Required work |
Beginning with the line below that contains "グラデーションクリスタルフラワーピアス 光豪華なデザインのイヤリング 通勤用万能ピアス" and ending with the line that contains "Simple square white", retype every line exactly. Pictures are not copied.

Material shown |
########

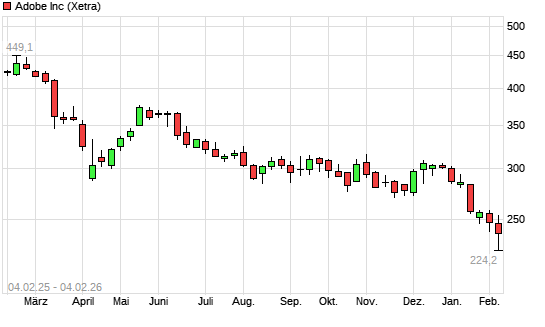 Mit dem Rücksetzer auf 230,15 EUR hat die Adobe-Aktie (ISIN US00724F1012) am 03.02.2026 ein neues 5-Jahres-Tief erreicht und damit den Kurs vom 29.01.2026 eingestellt.
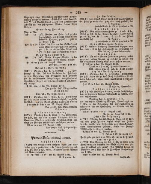 Zu Verkaufen. N 5 (851) Zwei Stück 18351. Wein ſind wegen 1 an Platz zu verkaufen, ganz oder auch getheilt, bei J. Lea nge, Frohnhofſtraße A. 171 in Frankfurt a. M. Empfehlung. (854) Mit holländiſchem Farin zu 12 und 14 kr., Melis zu 20, 22 kr., Dampfchokolade eigner Fabrik zu 24, 32, 40, 48 kr. und 1 fl. 12 kr. pr. Pfund empfiehlt ſich. Lang, Frohnhofſtraße A. 171 in Frankfurt a. M. . Ein vollſtändiges Logis, (873) welches Ausgang Novembers bezogen wer⸗ den kann, iſt in der Köhlergaſſe zu vermiethen bel Walther, Damenkleidermacher. Warnung. (874) Es wird hiermit Jederman gebeten, nichts mehr auf unſere Namen zu creditiren, indem wir für dergleichen künftig nicht mehr haften werden. Friedberg den 26. Auguſt 1840. Theodor Frank, Premier-Lieutenant. Albertine Frank, geb. Wichelhauſen. Aepfel⸗Verſteigerung. (875) Dienſtag den 1. September, Vormittags 10 Uhr, ſcllen die zu Hof Graß befindlichen Aepfel (eine bedeutende Quantität) meiſtbietend verſteigert werden. 7 Hof Graß den 24. Auguſt 1840. Wagner, Verwalter. Aufforderung.
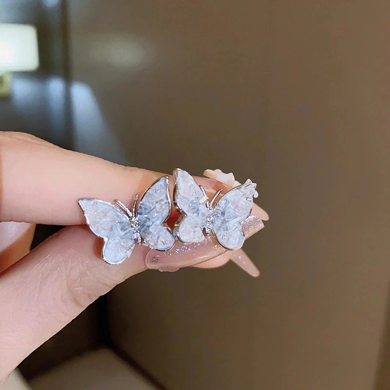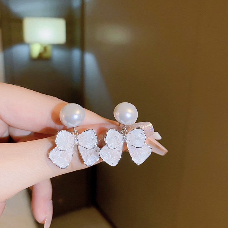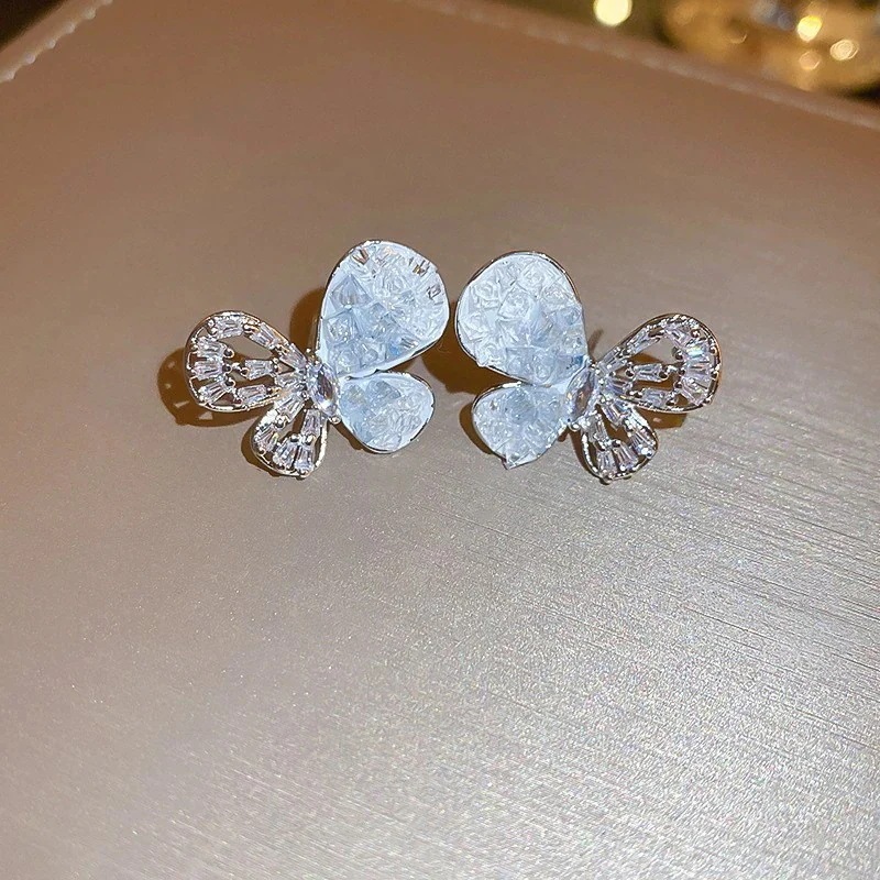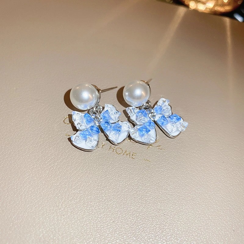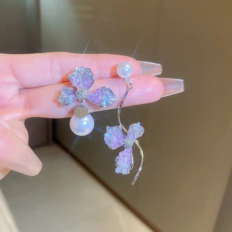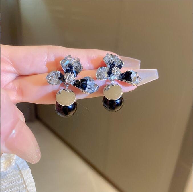 グラデーションクリスタルフラワーピアス 光豪華なデザインのイヤリング 通勤用万能ピアス
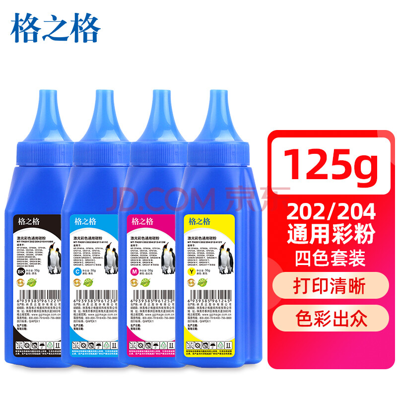 商品相册:格之格cf500a cf510a碳粉适用hp 202a 204a 惠普M281FDW M254DW M254NW M281FDN打印机硒鼓 四色套装通用碳粉第
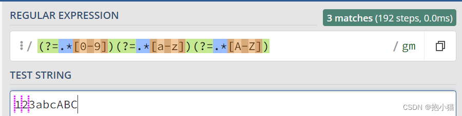 (?=.*[0-9])(?=.*[a-z])(?=.*[A-Z]):字符+数字+小写字母+大写字母
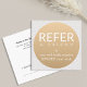 Simple square white FAUX gold customisable referral card template for beauty related professionals. Simple clean design, fully customisable.
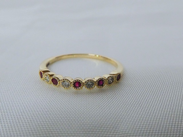 Milligrain bezzle set alternating four Diamonds totalling .08ct and five rubies.9ct yellow gold ring size P. Other sizes can be made available. please enquire
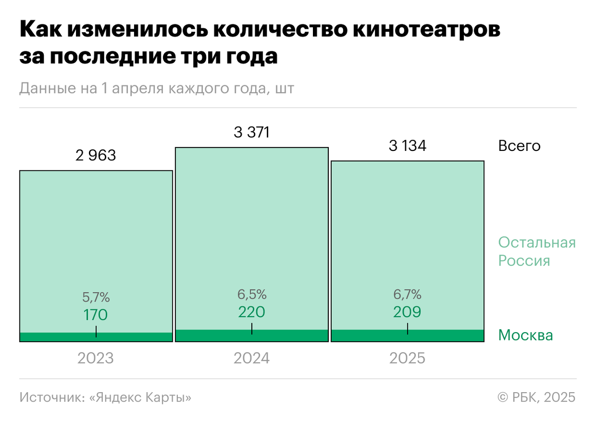Количество работающих в России кинотеатров по состоянию на 1 апреля 2025 года составило 3,1 тыс., подсчитали в «Яндекс Картах» по запросу РБК. Это на 7% меньше, чем в то же число прошлого года. Но относительно апреля 2023 года, когда отрасль переживала кризис из-за отсутствия масштабных премьер, работающих кинозалов в России сейчас на 2,8% больше. В Москве по состоянию на начало этого апреля работало 209 кинотеатров (около 7% общего количества по стране). За год в столице закрылось 11 точек. Раньше исследованием рынка кинотеатров занималась компания «Невафильм Research», но последний ее опубликованный отчет относится к 2023 году. По данным «Невафильм Research», с 2003 года (минимум, более поздних данных нет) количество кинотеатров в России постоянно росло. Исключением стал 2020 год, начало пандемии, когда несколько месяцев работа кинотеатров была заморожена. Ключевой скачок отрасль совершила в период с 2015 по 2019 год: тогда количество площадок для показа кино выросло почти в два раза

########

Expected output |
 グラデーションクリスタルフラワーピアス 光豪華なデザインのイヤリング 通勤用万能ピアス
 商品相册:格之格cf500a cf510a碳粉适用hp 202a 204a 惠普M281FDW M254DW M254NW M281FDN打印机硒鼓 四色套装通用碳粉第
 (?=.*[0-9])(?=.*[a-z])(?=.*[A-Z]):字符+数字+小写字母+大写字母
 Simple square white FAUX gold customisable referral card template for beauty related professionals. Simple clean design, fully customisable.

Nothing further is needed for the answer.